Why Did the Market Drop and Why Did Interest Rates Go Up?
This week, the S&P 500 dropped 2.5%. The Dow Jones Industrial Average dropped 1.8% while the Nasdaq dropped 4.9%. Paradoxically, a positive outlook for the economy generated this week’s changes.
Dropping COVID infection numbers, positive vaccination updates, and the continued push by the Biden Administration for an additional stimulus package all reinforced the positive outlook. As investors feel optimistic about the future, they move out of bonds. The diminished demand for bonds drove bond prices down. The yield on a bond has an inverse relationship to the value of the bond. As the bond value drops, the bond yield increases. The increased interest rates add a burden on companies as they service their debt. That expected burden pushed down prices for equities. Rising interest rates and expected economic growth also trigger fears of monetary policy changes and inflation.
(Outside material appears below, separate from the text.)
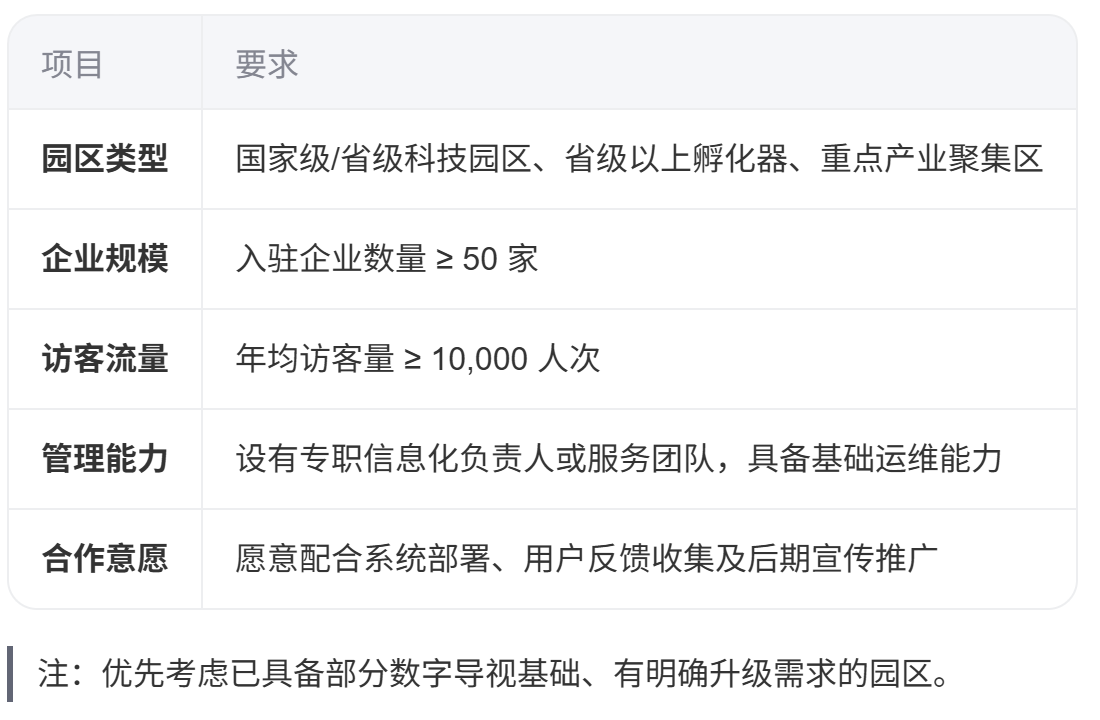 为确保项目质量与示范效应,申请园区须满足以下基本门槛:

Oddly enough, as interest rates rise, some investors move out of stocks and back into bonds because of the increased return possibilities in bonds. That may explain why we saw a rate drop at the end of today after the initial rate climb.
Along with the positive outlook and expected economic growth, investors are shifting to equities that struggled last year and are expected to perform well this year. Since the big tech companies (like Amazon, Apple, Facebook, and Google) did so well last year, their upside potential seems less than other stocks. Therefore, several investors sold their tech shares at the beginning of the week and moved into other stocks. These big tech companies make up such a large percentage of the stock market, that they alone can drive the price of the major stock indices down.
We expect increased volatility in the stock market but the risk-reward outlook for stocks still makes them an attractive investment for 2021. Bonds have little reward with increased risk in the short term as rising interest rates remain a threat. We continue to find attractive opportunities in the private space, particularly in private lending, sellers of distressed assets, and green energy and wireless infrastructure.